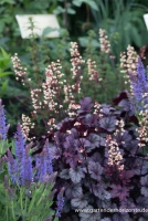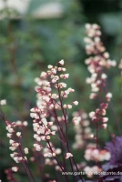 Heuchera micrantha bildet glockenförmige, in Trauben angeordnete, hellrosafarbene Blüten ab Juni.
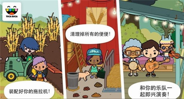 模仿农民工作嬉戏!可以给奶牛挤奶、去鸡窝收鸡蛋,还能种植庄稼。拉拉小堤琴,躺到干草堆里睡上一觉!从日出到日落,Toca生活:农场为您带来只属于农场的快乐!
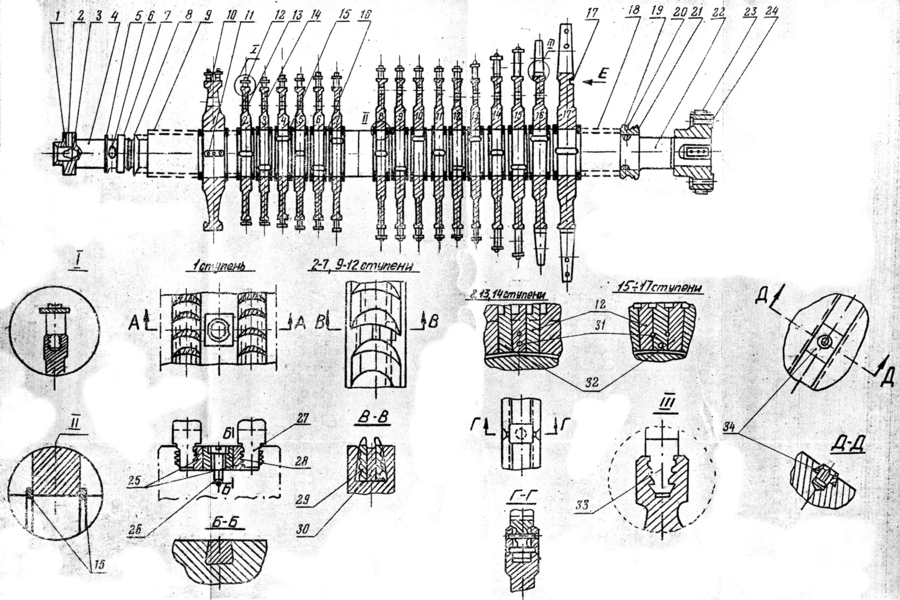 Рис. 2.6. Ротор турбины № 1: 1 — рабочее колесо насоса (оно же — гребень упорного подшипника); 2 — обтекатель масляного насоса; 3 — стопор обтекателя; 4 — шейка переднего опорного подшипника; 5 — маслоотбойный гребень; 6 — бойковое устройство; 7 — гребеиь реле осевого сдвига; 8 — пароотбойный гребень; 9 — усики переднего лабиринтового уплотнения; 10 — диск регулирующей ступени; 11—шпонка диска; 12 — рабочие лопатки; 13—разгрузочные отверстия; 14 — диск ступени давления; 15 — кольца, фиксирующие диски; 16 — проточки под диафрагменными уплотнениями; 17—проточки для балансировочных грузов; 18 — усики заднего лабиринтового уплотнения; 19 — пароотбойный гребень; 20 — винт, стопорящий втулку; 21 — маслоотбойный гребень; 22 — шейка заднего опорного подшипника; 23— храповое колесо валоповоротного устройства; 24 — полумуфта соединительной муфты турбины и генератора; 25 — боковой клин замка первой ступени; 26 — винт, стопорящий замок; 27 — замковая лопатка первой ступени; 28 — вставка замка первой ступени; 29 — замковое промежуточное тело; 30 — замковый клин; 31 — штифты-заклепки; 32 — замковые лопатки 2—17-й ступеней; 33 — зубчиковый хвост лопатки; 34 — балансировочный груз

# # # # #

(What the exercise asks):
Please restate the lines above exactly, starting at the first line of the data and stopping at the line containing "模仿农民工作嬉戏!可以给奶牛", which is included. Omit pictures.

(Answer to the exercise):
 Heuchera micrantha bildet glockenförmige, in Trauben angeordnete, hellrosafarbene Blüten ab Juni.
 模仿农民工作嬉戏!可以给奶牛挤奶、去鸡窝收鸡蛋,还能种植庄稼。拉拉小堤琴,躺到干草堆里睡上一觉!从日出到日落,Toca生活:农场为您带来只属于农场的快乐!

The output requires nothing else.